This experience can manifest itself in various ways based upon how we grow up and what we experience. Lately, I have been exploring this idea of confronting and transmuting the generational curses within myself. There is so much sludge and it is so damn hurtful and painful. What if we have conversations with our ancestors about their behavior? What if we can change this behavior within ourselves to not go forward into the future?
Writing is one way that it can happen. Through writing we can unravel all the bullshit and nastiness that is buried within our ancestral legacy. Writing is not only important it is and can be lifesaving and life transforming. We have to be able to harness its power for our own healing and personal transformation.
To me, writing serves many purposes. One purpose it serves is to be able to help me sort out a lot of conflicting feelings I have in me. I am a sensitive soul and I have carried and felt a lot of feelings and emotions within me throughout my life that didn’t always make sense to me. It is also hard to verbalize these feelings into coherent thoughts to spit out verbally. Writing can help me hash everything out. It helps me empty these feelings onto the screen and be able to try to analyze and understand them further. Sometimes, after doing this I can experience closure or come to conclusions about issues that previously bothered or baffled me.
Another purpose writing serves for me is to share my thoughts with the world about various things. We as human beings are all unique, we are not the same and we don’t have the same perceptions about the world. One way to grow and blossom is to read other people’s experiences and ideas about life and the world. In this way, I like writing poetry. I can get my ideas out there and maybe even touch someone’s life if I am lucky. I have been writing poetry since I was a child and I am a deep believer in the art of poetry as a means to share one’s ideas and change the world positively in that way.
Making words dance onto the paper, a form of word play is soothing.

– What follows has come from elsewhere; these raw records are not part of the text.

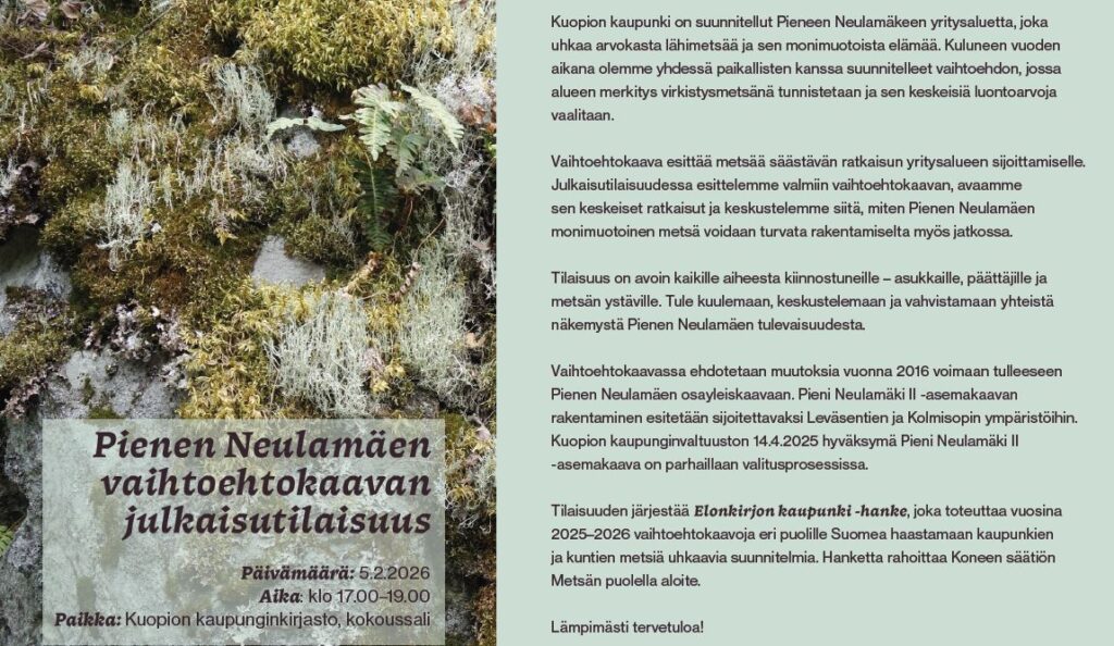 Kuopion kaupunki on suunnitellut Pieneen Neulamäkeen yritysaluetta, joka uhkaa arvokasta lähimetsää ja sen monimuotoista elämää. Kuluneen vuoden aikana olemme yhdessä paikallisten kanssa suunnitelleet vaihtoehdon, jossa alueen merkitys virkistysmetsänä tunnistetaan ja sen keskeisiä luontoarvoja vaalitaan.
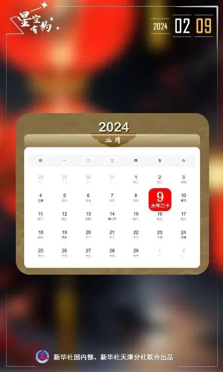 近日一则“未来5年都没有大年三十”的消息引发公众关注。消息称,2024年2月9日是近年来最后一个大年三十,因为从2025年起至2029年都没有大年三十,只有大年二十九。天文科普专家表示,大年三十时有时无是正常历法现象,系农历大小月所致。 [详情]
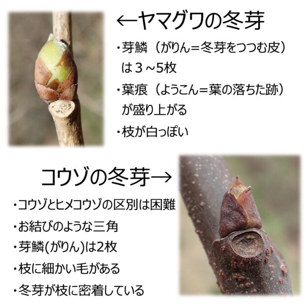 ・コウゾとヤマクワもよく似ていますが、 花・実・冬芽・葉の手触りなどで見分けられます。
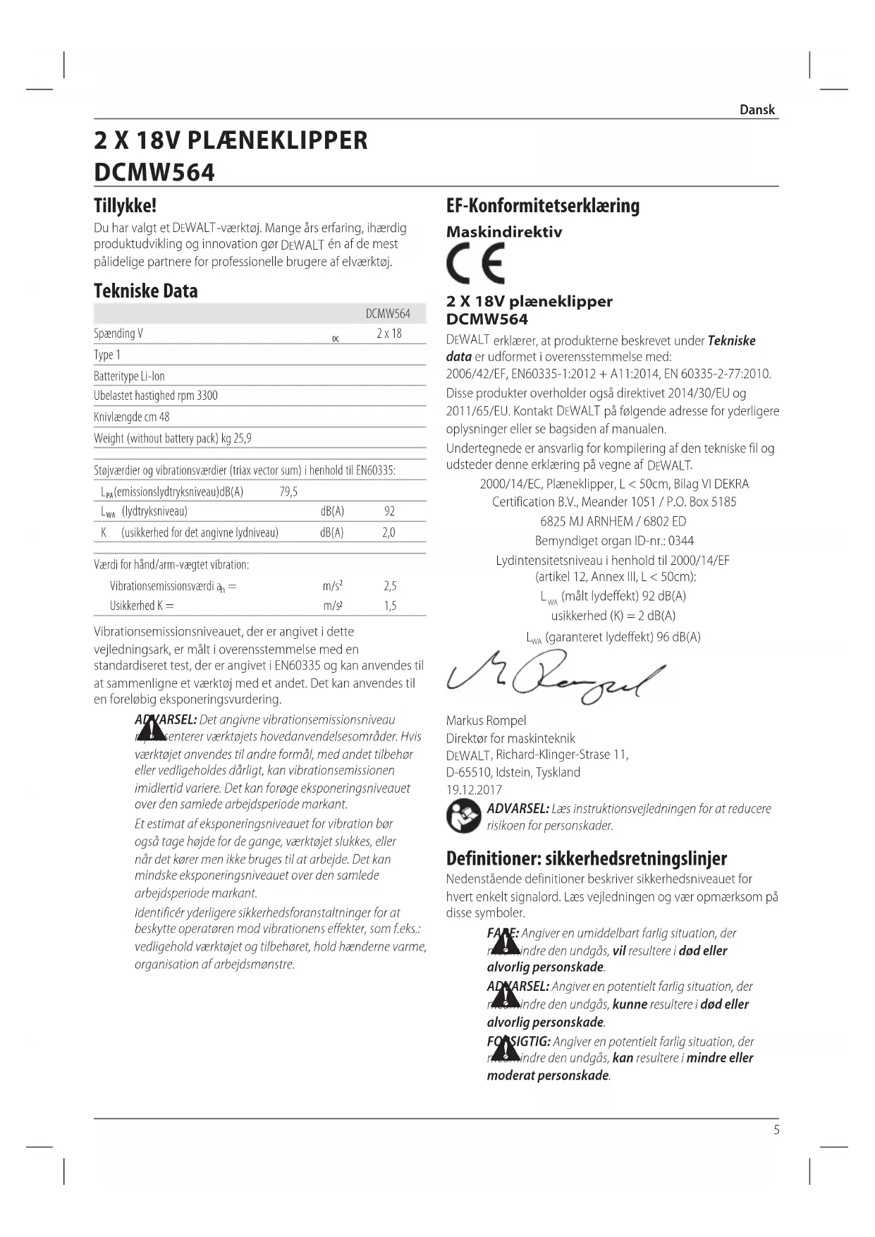 Undertegnede er ansvarlig for kompilering af den tekniske fil og udsteder denne erklæring på vegne af DEWALT.
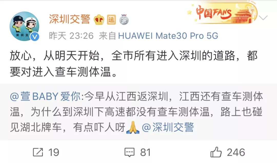 深圳交警表示,全市所有進入深圳的道路都要對進入的車輛查車測體溫。
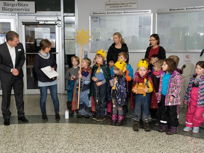 Eine Gruppe kleiner Sternsinger aus der Kindertagesstätte der Katholischen Kirche St. Anna besuchte in der vergangenen Woche das Schweriner Stadthaus. Sie führten ein Programm mit Liedern und Gedichten auf und baten danach um eine milde Gabe für die armen Kinder dieser Welt. Zum Schluss schrieben sie an die Haustür mit Kreide die traditionelle Segensbitte C+M+B ergänzt durch die Jahreszahl 2019.

Everyone cannot always write and write well but when people do, it is like typewritten music to your eyes and psyche. There is a special pleasure I take in reading and reading something so gripping and powerful that it takes me on an emotional rollercoaster or it opens an echelon of my humanity. I am a person who likes my ethereal imagination stimulated and writing serves as a gateway to this being done.
I have been told that I have a unique writing style and voice that is enjoyable to read. I feel grateful for this. I don’t hold an ego about this and I am glad to be able to have kept and cultivated my own writing voice and style over the years and not let it die. Sometimes when I wrote in academic style during my college and graduate school days, I feared this would take a toll on my personal creativity and my creative writing pieces would become dull, boring and dry. I would have hated to lose creative fervor and have it dimmed for a long period of time to the point of not being able to get it back. Fortunately, that did not happen.
As a current English teacher for kids, I have been teaching reading and vocabulary content and have checked a LOT of quizzes and writing over these years. At times, it is very cumbersome and tedious. I don’t know any teacher who has INTENSE joy checking, correcting and grading papers. I guess some exist but I don’t think it is necessarily the norm. However, it is a necessary “evil” that must be done. It is a repetitive job and looking at all the grammar and helping the kids study and learn it can be exhausting to the mind and also stifle my writing creativity. However, I have tried to make sure I keep writing regardless of my tiredness from work.
Writing to me is not just an act, it is a gateway to unlock so many things inside me and share it with the world. Throughout the world, many people have been writers and have written and changed the world and influenced people through their writing. I hope that I can change the world through my words and do it in a way that is authentic, positive and useful. I want to use my form of catharsis to transform the world. I was born to be a writer. When asked what I wanted to be as a child, I believe I replied “a writer.”
To all writers out there, live it, do it, write it and write from the deep recesses of your mind, heart and soul.